WHAT YOU WILL DO
Apart from the pictures, output all of the records exactly.

MATERIAL FOR THE TASK
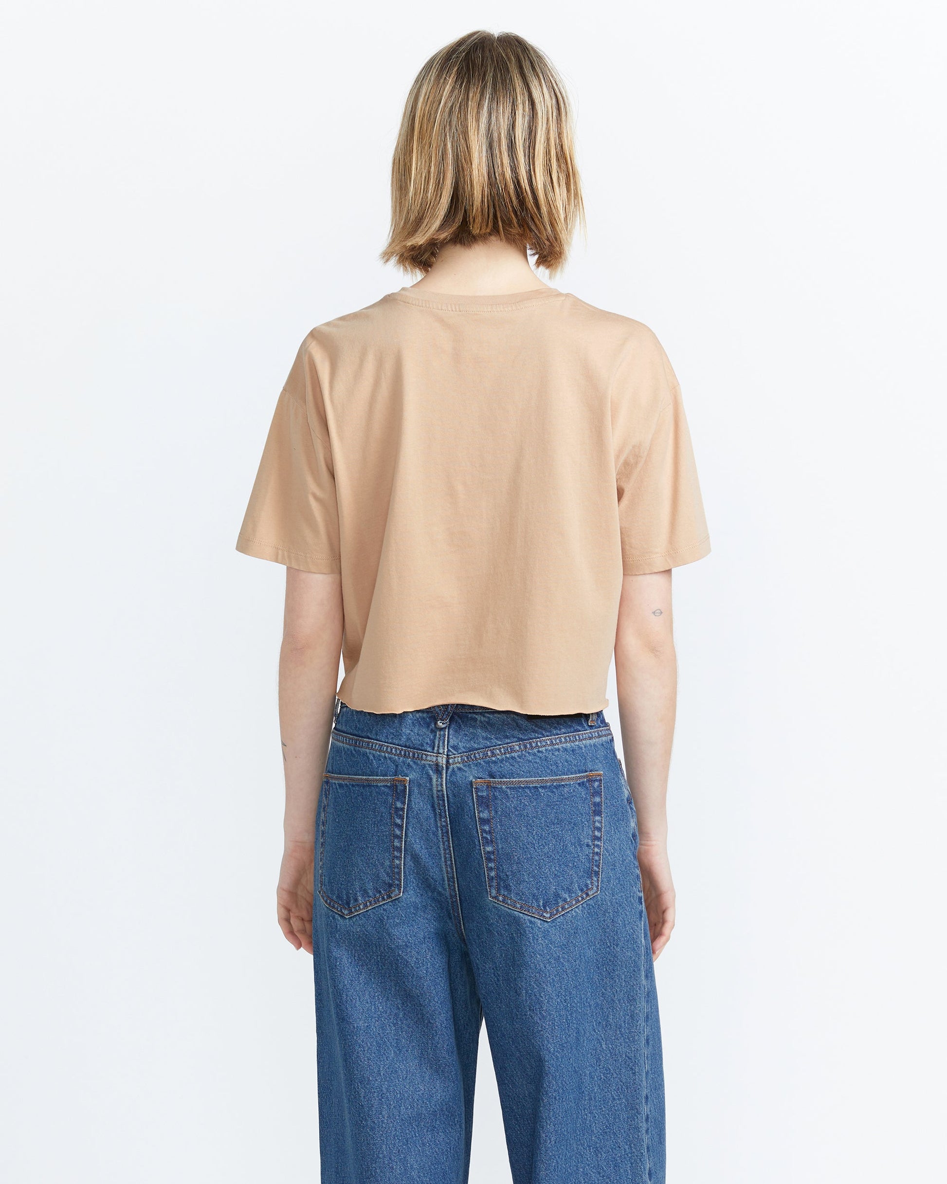 Embrace comfort with this organic cotton tee from "V". The Just A Trim Short Sleeve features a raw edge hem and rib neckband for laid-back style, while striped interior neck taping adds a subtle pop. With a chest screenprint and breathable 145 GSM fabric, it's your new go-to for effortless fashion. Featured here in sandstorm.
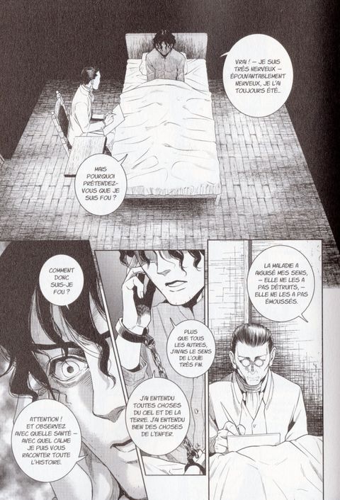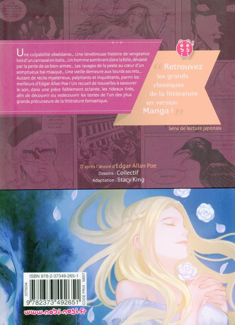 Une culpabilité obsédante... Une sombre histoire de vengeance... Un amoureux qui tombe dans la folie... Les horreurs de la peste... Une étrange maison aux lourds secrets... Autant de récits mystérieux, palpitants et inquiétants, parmi les meilleurs d'Edgar Allan Poe, l'un des plus grands précurseurs de la littérature fantastique. Un recueil de nouvelles à lire le soir, dans une pièce faiblement éclairée, les rideaux tirés, pour frissonner de plaisir ! Inclus dans ce manga : Le Coeur révélateur, La Barrique d'amontillado, Le Masque de la mort, La Chute de la maison Usher et le poème Le Corbeau.
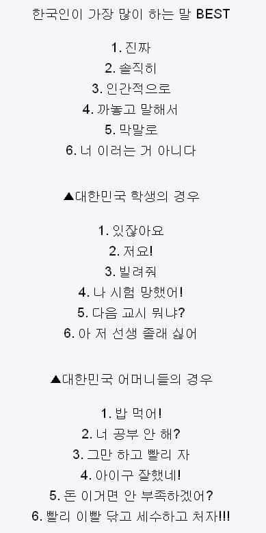 한국인이 자주 사용하는 단어,,
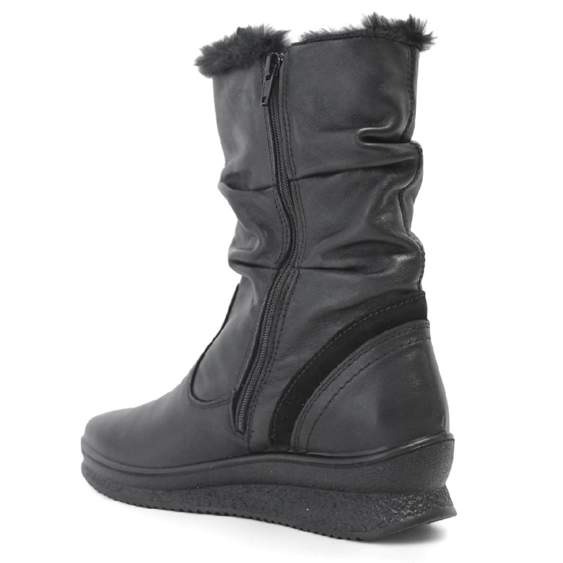 Botes planes per a dona Imac en color negre, confeccionades en pell d’alta qualitat. Presenten canya arrugada i folre interior de pel que aporta calidesa i comoditat. Incorpora cremallera lateral per a posar-se-les fàcilment i un panell de pell de serra decoratiu que afegeix un toc modern al disseny de pell llisa. Perfectes per a un look urbà i elegant durant la temporada freda.
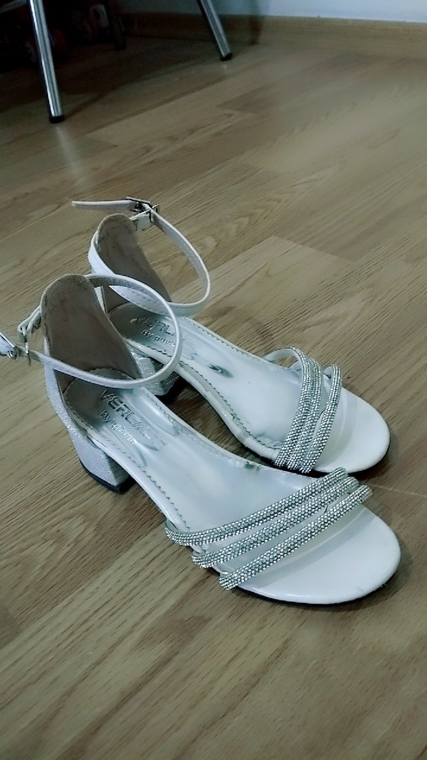 Düğünler için uygun, parlak ve tokalı bilek kayışlı beyaz blok topuklu kız çocuk abiye ayakkabı. Bir kez düğünde giyildi temiz kullanıldı 34 numara
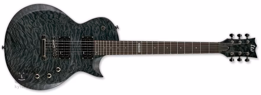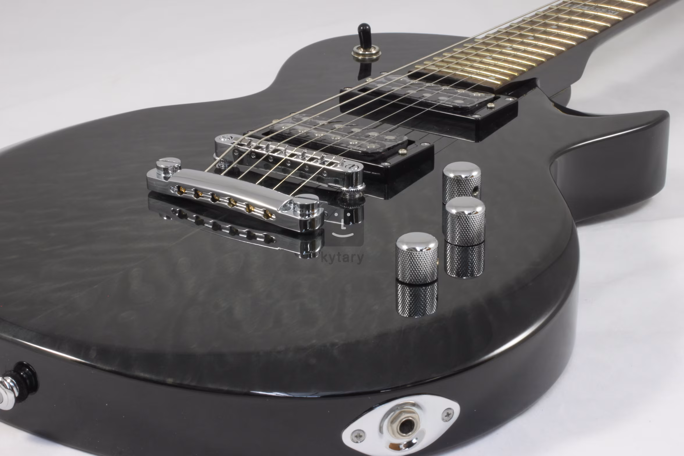 Elektrická kytara typu Les Paul ze série LTD Standard, tělo lípa, krk javor, šroubovaný, konfigurace snímačů HB – HB (ESP LH-150), 24 pražců, provedení See Thru Black
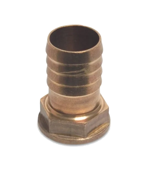 Brass hose tail with barbed fitting to female BSP thread for connecting layflat or suction hose.

RESPONSE
 Embrace comfort with this organic cotton tee from "V". The Just A Trim Short Sleeve features a raw edge hem and rib neckband for laid-back style, while striped interior neck taping adds a subtle pop. With a chest screenprint and breathable 145 GSM fabric, it's your new go-to for effortless fashion. Featured here in sandstorm.
 Une culpabilité obsédante... Une sombre histoire de vengeance... Un amoureux qui tombe dans la folie... Les horreurs de la peste... Une étrange maison aux lourds secrets... Autant de récits mystérieux, palpitants et inquiétants, parmi les meilleurs d'Edgar Allan Poe, l'un des plus grands précurseurs de la littérature fantastique. Un recueil de nouvelles à lire le soir, dans une pièce faiblement éclairée, les rideaux tirés, pour frissonner de plaisir ! Inclus dans ce manga : Le Coeur révélateur, La Barrique d'amontillado, Le Masque de la mort, La Chute de la maison Usher et le poème Le Corbeau.
 한국인이 자주 사용하는 단어,,
 Botes planes per a dona Imac en color negre, confeccionades en pell d’alta qualitat. Presenten canya arrugada i folre interior de pel que aporta calidesa i comoditat. Incorpora cremallera lateral per a posar-se-les fàcilment i un panell de pell de serra decoratiu que afegeix un toc modern al disseny de pell llisa. Perfectes per a un look urbà i elegant durant la temporada freda.
 Düğünler için uygun, parlak ve tokalı bilek kayışlı beyaz blok topuklu kız çocuk abiye ayakkabı. Bir kez düğünde giyildi temiz kullanıldı 34 numara
 Elektrická kytara typu Les Paul ze série LTD Standard, tělo lípa, krk javor, šroubovaný, konfigurace snímačů HB – HB (ESP LH-150), 24 pražců, provedení See Thru Black
 Brass hose tail with barbed fitting to female BSP thread for connecting layflat or suction hose.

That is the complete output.